ACTION ITEM: Copy only the lines from the one with "Tỷ lệ kèo hiệp" through the end of the records, exactly as they stand. No pictures belong in the copy.

EXERCISE DATA:
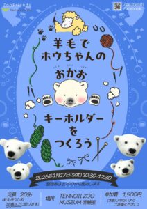 内容:天王寺動物園で飼育している羊たちの毛刈りした羊毛を使用し、ホッキョクグマの「ホウちゃん」のお顔キーホルダーを作っていただきます。
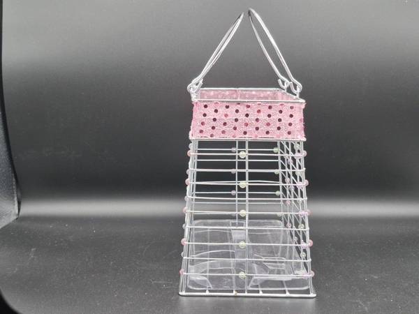 Metal/Beaded Makeup Gift Set Bag/Purse 9" x 5" x 7". The front & back of the bag is made with 12 horizontal metal bars with 4 white or pink beads on it, and 5 vertical metal bars. The bottom of the bag has 6 metal bars and the sides have 12 bars across (w/beads) and 3 vertical metal bars. There is a plastic tray in the bottom of the bag, but the rest of the bag is COMPLETELY OPEN. The top of the bag is accented with a 1.5" pink chiffon ribbon with metallic pink polka dots. Metal double handles would add 4" to the height. Nice bag for gifting. Smoke free, pet free home.
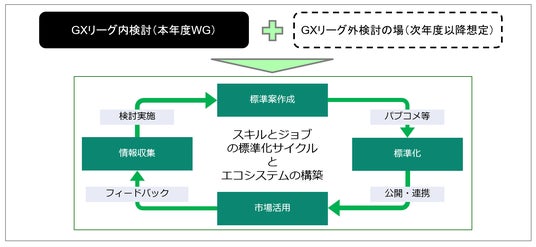 GX人材に関する内外労働市場の垂直立ち上げに向けた検討を目的とし、スキルアップNeXtが立ち上げ、その主旨に賛同する企業とともに2023年度より活動するWGです。その成果物として、GXスキル標準(GXSS)を策定し今年5月に公表しました。本年度は主に下記について取り組みます。
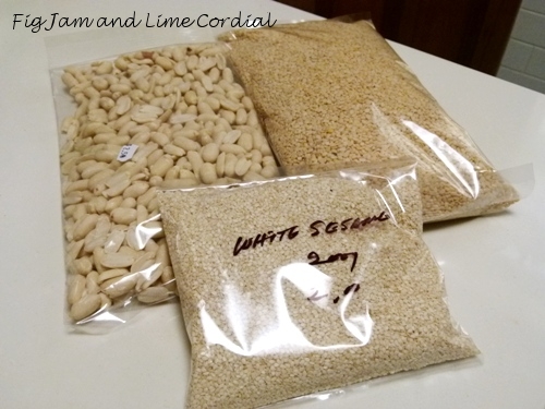 I bought raw peanuts and urud dal for lemon rice, and white sesame seed for dukka and bagels…
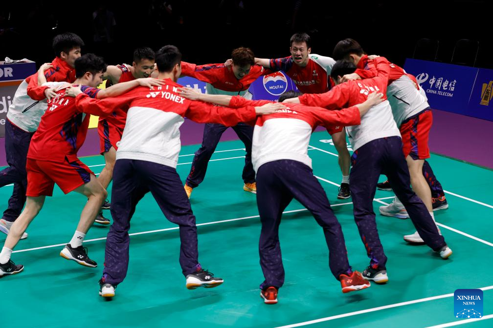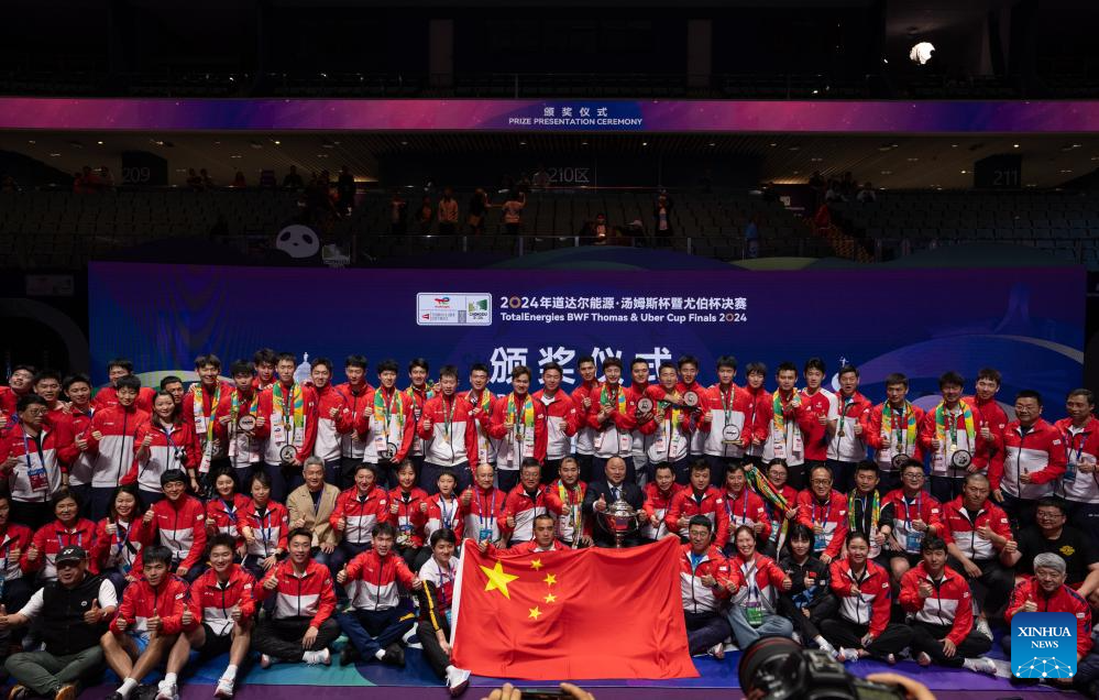 CHENGDU, China, May 5 (Xinhua) -- China's men's team reclaimed badminton's Thomas Cup after a six-year wait after beating Indonesia 3-1, while the women's team also regained the Uber Cup for the first time since 2020 after whitewashing Indonesia 3-0 here on Sunday.
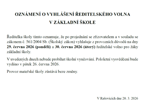 Pro zaslání životopisu nebo více informací pište na email: zs.rasovice.66@seznam.cz
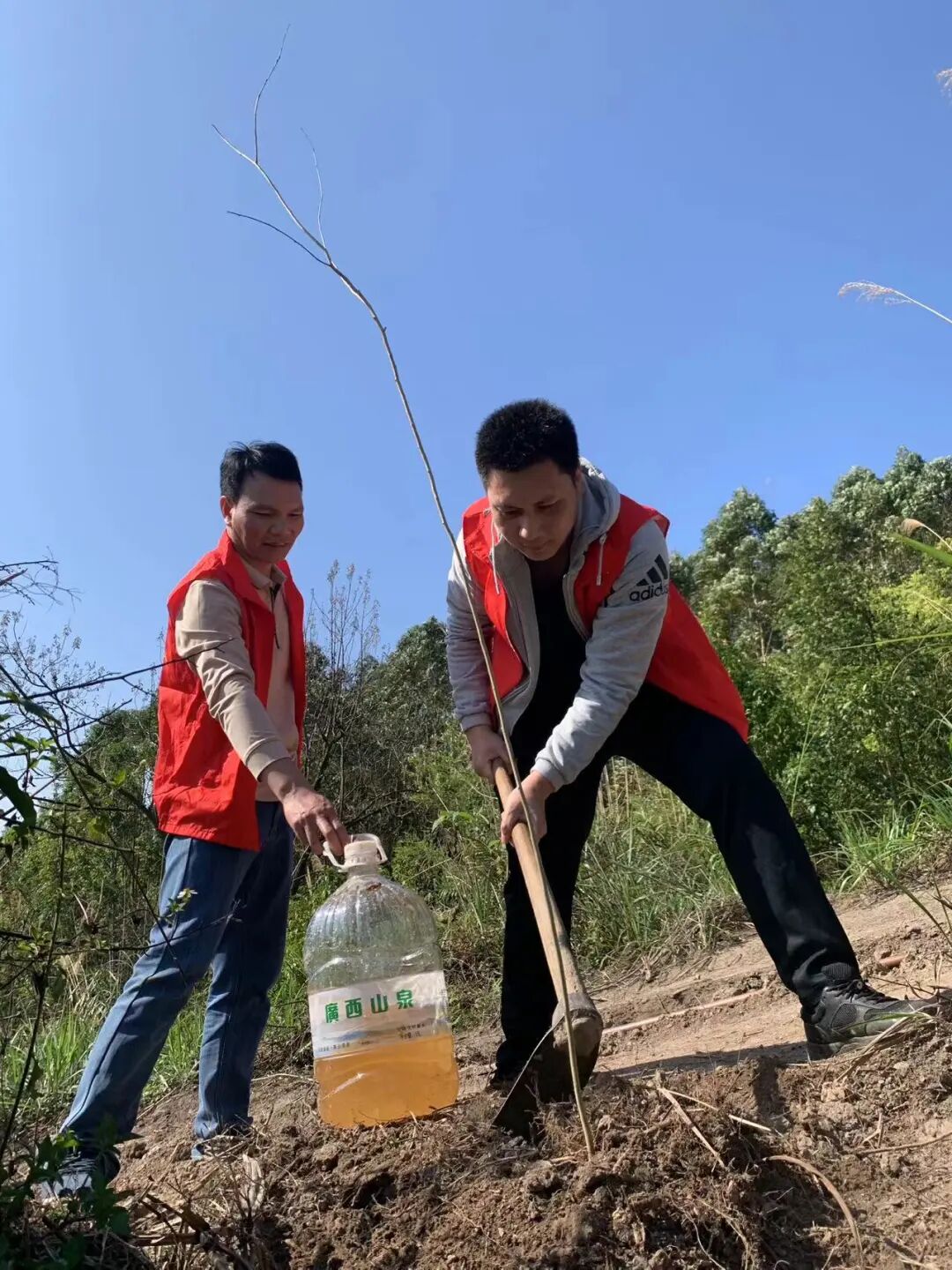 植树活动现场,志愿者们热情高涨、分工协作、挥锄挖坑、扶苗稳干、填土压实、提水浇灌,一株株刚刚栽种的新树苗迎风挺立,错落有致,为春日大地增添勃勃生机,大家干劲十足,配合默契,在协作中凝聚志愿服务力量。自治区第一荣军优抚医院和柳州市退役军人关爱协会参加此次义务植树志愿服务活动。
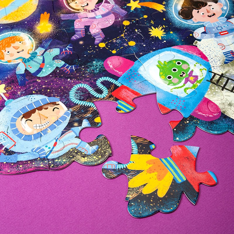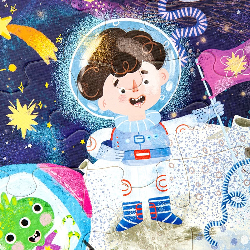 پازل ماجراجویی در فضا یک پازل ۳۳ تکهای است که کودکان را به سفری هیجانانگیز در منظومه شمسی میبرد. این بازی پازل برای کودکان علاوه بر سرگرمی، قوه تخیل و خلاقیت آنها را تقویت کرده و یادگیری مفاهیم علمی را به تجربهای لذتبخش تبدیل میکند.
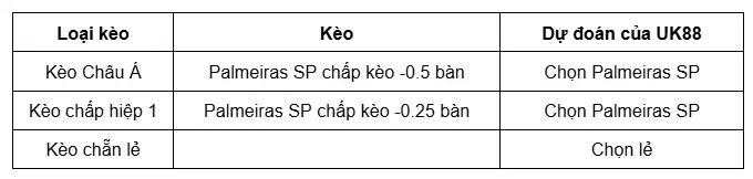 Tỷ lệ kèo hiệp 1: Palmeiras SP chấp kèo -0.25 bàn. Lựa chọn: Palmeiras SP.
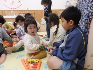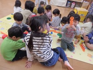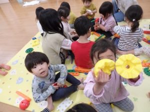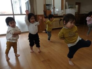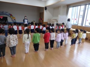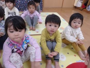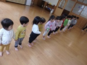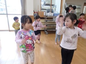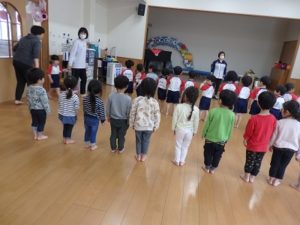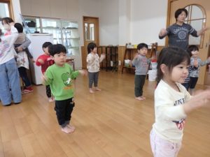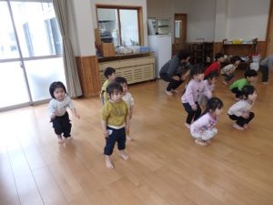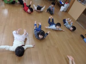 今日は、ぱんだ組さんの体操教室の時4月から体操教室が始まるうさぎ組も参加しました。

ANSWER BOX:
 Tỷ lệ kèo hiệp 1: Palmeiras SP chấp kèo -0.25 bàn. Lựa chọn: Palmeiras SP.
 今日は、ぱんだ組さんの体操教室の時4月から体操教室が始まるうさぎ組も参加しました。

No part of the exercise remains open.